- Born: 1950 La Paz, Bolivia
- Died: 13 March 2016 (aged 66) La Paz, Bolivia
- Occupation: Fashion designer
- Label: Royal Alpaca Inc.
- Website: http://www.beatrizcanedopatino.com/

= Beatriz Canedo Patiño =

Beatriz Canedo Patiño (1950–2016) was a Bolivian fashion designer described as the "Queen of Alpaca" due to her use of textiles from camelids such as the vicuña, alpaca, and llama. The New York Times described her in 2006 as "Bolivia's best known fashion designer."

==Biography==
Canedo Patiño was born in La Paz, one of five children to David Canedo and Aida Patiño del Valle. She and her family moved to California and later Paris when she was 13 years old.

Canedo Patiño studied in Paris, and launched her design house, Royal Alpaca Inc., in New York in 1987. She actively promoted the use and development of the export of camelid fibres. Due to her success, and her traditional surname, Canedo Patiño was described as representing "Successful Bolivia."
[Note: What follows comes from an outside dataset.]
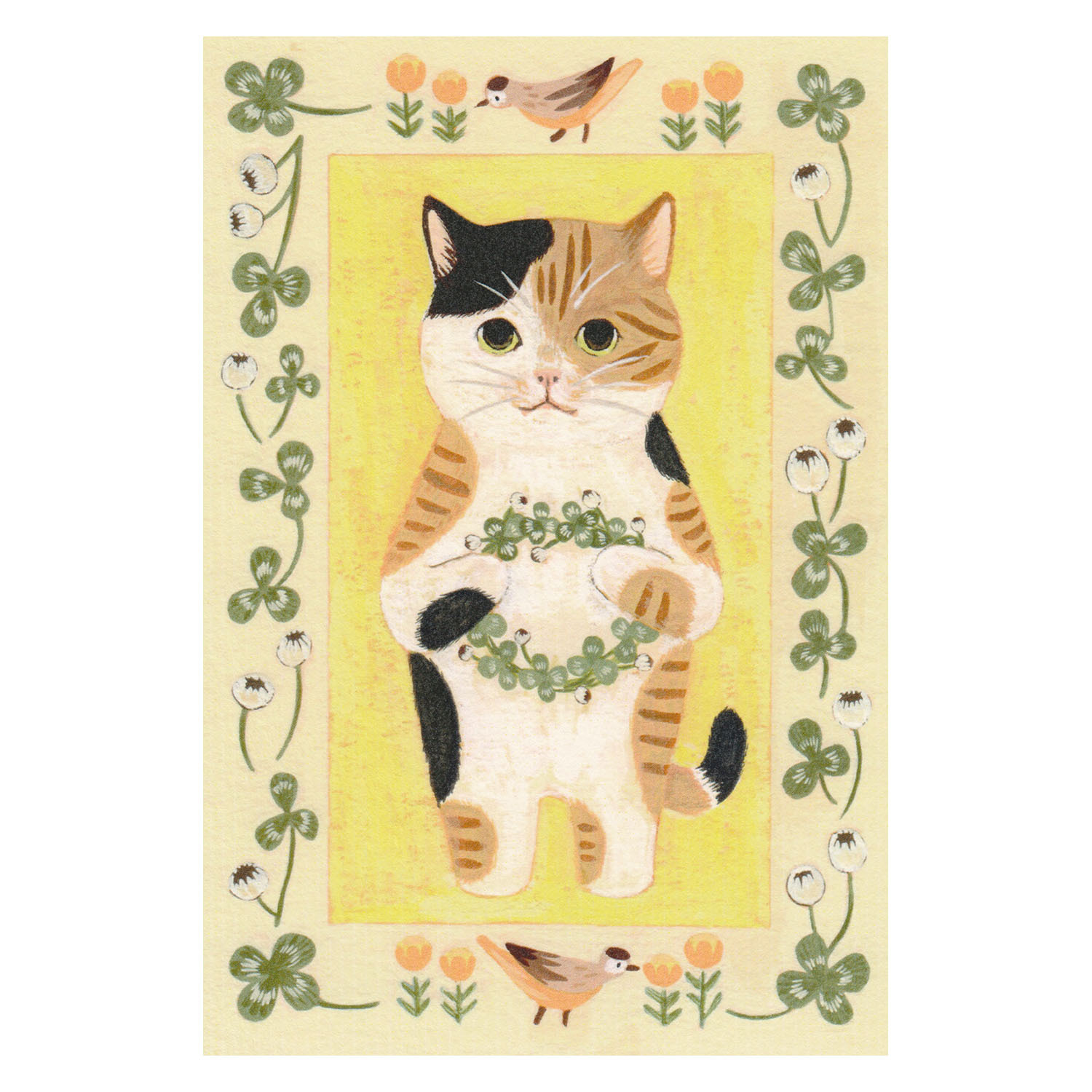 4legs - 明信片 (淡黃色三花貓四葉草款)
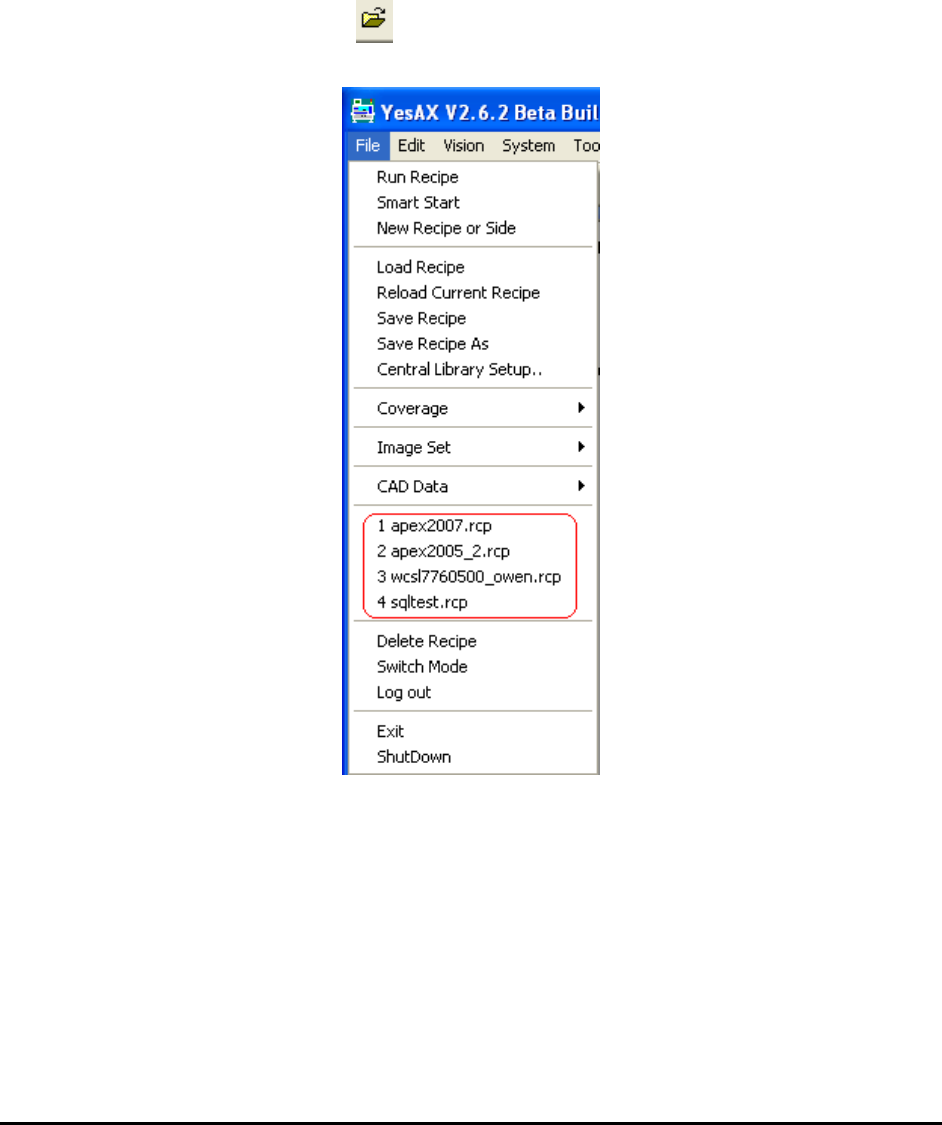 recipe, click the Load Recipe button or select it from the list of recently loaded recipes in the

Among her clients was the President of Bolivia, Evo Morales, for whom she created custom designs including the suit for his inauguration. While attempts had been made during Morales's campaign to get Canedo Patiño involved, she had declined the invitations despite expressing her "moral adherence" to him. However, after his success, a few days before the inauguration, Canedo presented Morales with a custom-designed alpaca outfit that helped establish the President's distinctive look of dark Mao collared suits with designs taken from indigenous Andean art. She also made outfits for Hillary Clinton's visit to Bolivia in her capacity as First Lady of the United States.

Canedo Patiño died on 13 March 2016.